By the way, thanks, Chuck.

If Timi Yuro would be still alive, most other singers could shut up, Monday, 26 May 2008 08:05 (fifteen years ago) link

On the Wattstax commentary track, Chuck D. makes the observation "He's Jody" and then "Johnnie's got your girl and gone."

James Redd and the Blecchs, Monday, 26 May 2008 13:20 (fifteen years ago) link

Cross-cultural footnote: In Brazil they have a Jody character known as Ricardão.

James Redd and the Blecchs, Monday, 26 May 2008 13:24 (fifteen years ago) link

There's a woman chitlin circuit soul singer out now called Ms. Jody

curmudgeon, Monday, 26 May 2008 17:55 (fifteen years ago) link

Johnnie Taylor does "Toe Hold" better than Wilson Pickett, that's clear. I really love Taylor's disco records--"Disco 9000" and "Love Is Better in the A.M" and of course "Disco Lady" are all just great tunes. "Who's Making Love" was the first really gigantic Stax record after Otis Redding's death, in terms of its sales and its arrangement. From what I've read, Johnnie had as big an ego as Pickett himself, which is real interesting to me.

anybody interested in this thread would probably benefit from hearing this new compilation on Ace/BGP, Memphis 70, with lotsa cool shit from David Porter, Bowlegs Miller and the Minits--post-Otis soul from various labels around Memphis.

whisperineddhurt, Tuesday, 27 May 2008 17:13 (fifteen years ago) link

OK, added to want list.

James Redd and the Blecchs, Tuesday, 27 May 2008 17:23 (fifteen years ago) link

two months pass...

I'm gonna express myself . . . Revive!

If Timi Yuro would be still alive, most other singers could shut up, Saturday, 16 August 2008 08:01 (fifteen years ago) link

TEN THOUSAND DOLLAR REWARD FOR JODY'S HIDE

If Timi Yuro would be still alive, most other singers could shut up, Saturday, 16 August 2008 08:13 (fifteen years ago) link

After much study, I think "Who's Making Love" itself has more cubist guitar than "Hold On This Time" does.

If Timi Yuro would be still alive, most other singers could shut up, Saturday, 16 August 2008 08:43 (fifteen years ago) link

"Hijackin' Love"

m coleman, Saturday, 16 August 2008 16:34 (fifteen years ago) link

topical metaphor at the time (1971), maybe tasteless in light of recent events, but it's a great great song.

"If somebody can steal a jetplane/right from out of the sky/if you're not doing what you're supposed to be doing/somebody might snatch you love out from under your eye..."

m coleman, Saturday, 16 August 2008 16:36 (fifteen years ago) link

"snatch your love right out from under your eye/that's hijackin' love"

they didn't call him the philosopher of soul for nothing

m coleman, Saturday, 16 August 2008 16:38 (fifteen years ago) link

Re: the "Jody" references upthread, there's now a fine singer on Ecko known as Ms.
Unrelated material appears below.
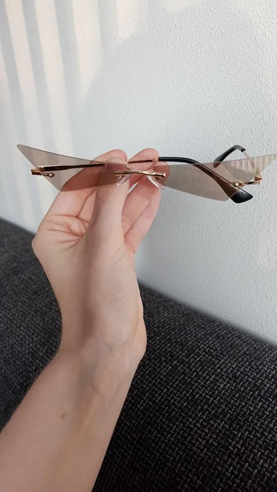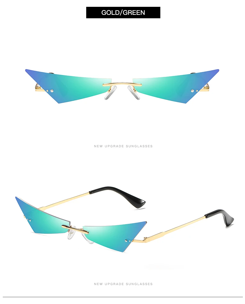 Солнцезащитные очки женские мужские без оправы, маленькие, солнцезащитные очки кошачий глаз, брендовые дизайнерские, узкие, кошачий глаз, зеркальные, женская уличная одежда

Jody...I like her track "Your Dog's about to Kill my Cat"

http://www.youtube.com/watch?v=sCCjNduv2Lg

curmudgeon, Saturday, 16 August 2008 17:20 (fifteen years ago) link

ten years pass...

should I tell my Jody story? Anyway, on the amazing 'Take Me To The River: A Southern Soul Story 1961-1977' there are not one, but two Jody songs.
The classic Johnnie Taylor mentioned above, and what I'm guessing is an answer song by allmusic ghost Bobby Newsome.
anyway, it's a fascinating topic.
https://www.youtube.com/watch?v=QLiXpd652DM

campreverb, Saturday, 6 October 2018 01:07 (five years ago) link

four years pass...

I’m obsessed with this

https://www.youtube.com/watch?v=IPKJNu0ZOBQ

Heez, Monday, 1 May 2023 02:29 (eleven months ago) link

That was “good love” from ‘97.

28 years earlier, doing operatic soul over a break beat.

“It’s amazing”

https://www.youtube.com/watch?v=piPXW5zb1eQ

Heez, Monday, 1 May 2023 03:20 (eleven months ago) link

I listened to this guy for about 5 hours and he is consistently awesome throughout the decades

Heez, Monday, 1 May 2023 15:32 (eleven months ago) link

Definitely impressive. I have vague positive memories of seeing him live on a bill in the 1980s sometime with Tyrone Davis at the Warner Theatre in DC.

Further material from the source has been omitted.